Britton struggled with his command from the beginning. He said he had trouble getting comfortable with his grip on a damp afternoon. Showalter saw too many of his breaking pitches hanging in the strike zone. Britton issued four walks. All four of those runners scored.

"[I] think [I was] just overthinking things at times," Britton said. "Not being in a good rhythm on the mound, a good pace of the game. You see when the guys were getting on today, when [pitching coach Rick Adair] came out, we kind of talked, 'Hey, let's pick up the pace here a little bit.' I think [it's a matter of] just overthinking things a little bit rather than just being aggressive with my stuff right now."
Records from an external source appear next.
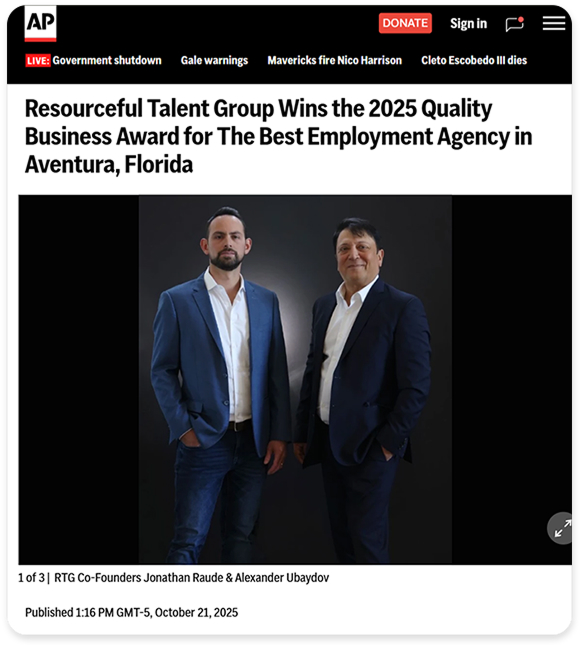 “Resourceful Talent Group (RTG), a premier boutique staffing and recruiting firm that delivers at scale, has been awarded the 2025 Quality Business Award for Best Employment Agency in Aventura, Florida. This honor, given to fewer than 1% of U.S. businesses each year, recognizes organizations that consistently demonstrate exceptional client satisfaction, service excellence, and measurable results.”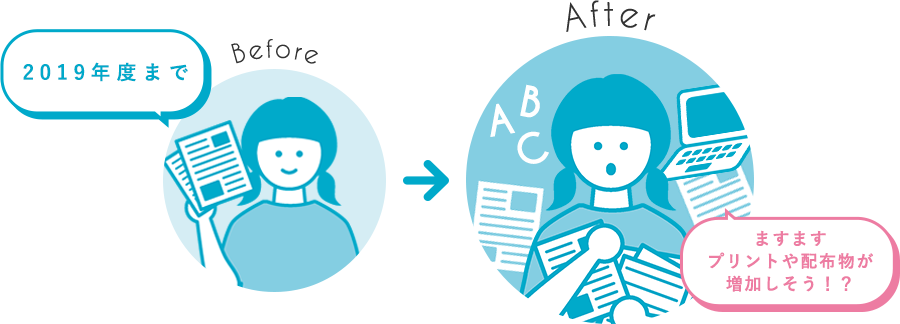 保護者向けのお便りと、お子さま向けの宿題プリントなどを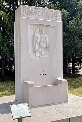 First Landing Party of the Founders of Newark (1916) e Indian and the Puritan (1916) son dos de las cuatro obras de arte públicas creadas por Gutzon Borglum que se encuentran en Newark para conmemorar la fundación de la ciudad.[14][15] Se agregaron al Registro de Lugares Históricos de Nueva Jersey el 13 de septiembre de 1994,[16] y al Registro Nacional de Lugares Históricos el 28 de octubre de 1994 como parte de una presentación de propiedad múltiple, "La escultura pública de John de la Mothe Gutzon Borglum, 1911-1926".[16][14]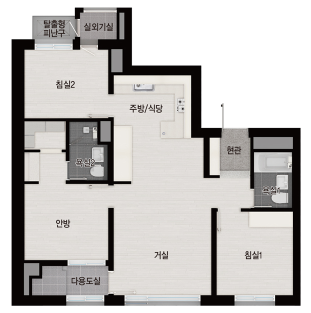 오피스텔에 해당하는 84O형은 3베이·3룸 구조로 적용되었습니다. 아파트와 마찬가지로 욕실은 2곳에 설치되었습니다. 안방 바로 앞에는 다용도실을 설치해 입주민들의 취향에 따라 사용할 수 있도록 했습니다. 또. 안방에 드레스룸을 마련해 가족 단위의 4계절 의류를 모두 보관해도 부족함이 없어 보입니다.
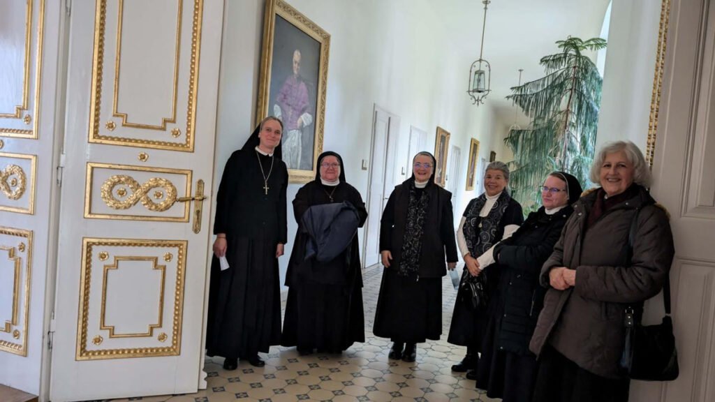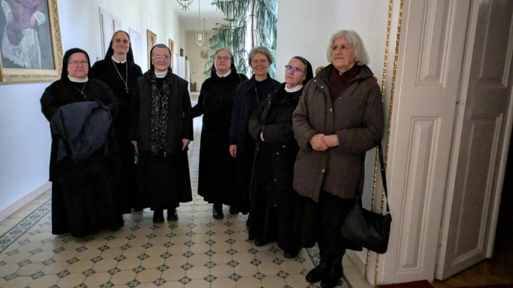 A délelőtt lezárásaként a résztvevők elimádkozták a déli zsolozsmát, majd a program közös ebéddel folytatódott, amihez csatlakoztak a piarista szerzetesek is, Carles Gil i Saguer SchP generális, Jacek Wolan SchP generális asszisztens, Zsódi Viktor SchP tartományfőnök és a piarista nővérek. A vendégek a szombat délelőtt folyamán, tartományi vizitáció keretében látogatást tettek a nagykárolyi piarista nővérek gyermekotthonában, ahol találkoztak az ott élő gyerekekkel, fiatalokkal és munkatársakkal. Ennek a látogatásnak a következő állomása volt a szatmári püspöki palota, ahol a jó hangulatú ebéd után a püspök vezetésével a szerzetesek a kápolnában közös imádságra gyűltek össze, hálát adva hivatásuk ajándékáért és kérve Isten áldását további életükre, szolgálatukra.

Britton quickly fell behind in the first inning on Curtis Granderson's solo homer and Andruw Jones' sacrifice fly. The Yankees added two more runs in the second on RBI singles by Derek Jeter and Nick Swisher to make the score 4-1

The sky opened in the third, and the bottom fell out for the Orioles (55-50). The Yankees scored seven runs in the inning — all with two outs. Britton left after allowing an RBI single to No. 9 hitter Jayson Nix. Then right-handed reliever Kevin Gregg allowed a two-run single to Jeter, with both of those runs charged to Britton. Two batters later, after Granderson singled and Swisher walked, Cano lined a grand slam to left field to give the Yankees an 11-1 lead.

"Where we are and knowing what Zach needs to bring, he'll figure it out at some point in his career as a pitcher," Showalter said. "We feel confident about that. It's just not happening right now. It's frustrating for him and for us, because we see glimpses of it."

Despite falling behind early, the Orioles' offense has several opportunities to mount a comeback. The O's totaled 13 hits, eight of the nine starters had hits, and they had at least two baserunners in seven innings. But they went 0-for-15 with runners in scoring position, marking just the second time in franchise history they were hitless in at least 15 at-bats in that scenario.

Making the most of an early 10-run lead, Yankees starter Phil Hughes held the Orioles to one run over six innings despite allowing nine hits.

"I could almost pitch in that kind of lead," Orioles center fielder Adam Jones said. "I might give up five or six."

Four Orioles had mutiple hits, including shortstop J.J. Hardy (3-for-4), who hit his 15th homer of the season in the seventh, a solo shot, off Joba Chamberlain. Endy Chavez drove in the Orioles' other two runs, including one on an eighth-inning double.

"It was nice to come back, obviously, [Tuesday]," said Hardy, referring to the Orioles' 11-5, come-from-behind victory less than 24 hours earlier. "Could we have done that [Wednesday]? Possibly, but it's tough. It was an ugly loss for us. We'll try and forget about it, look at it like we won the series. We've got a big series in Tampa."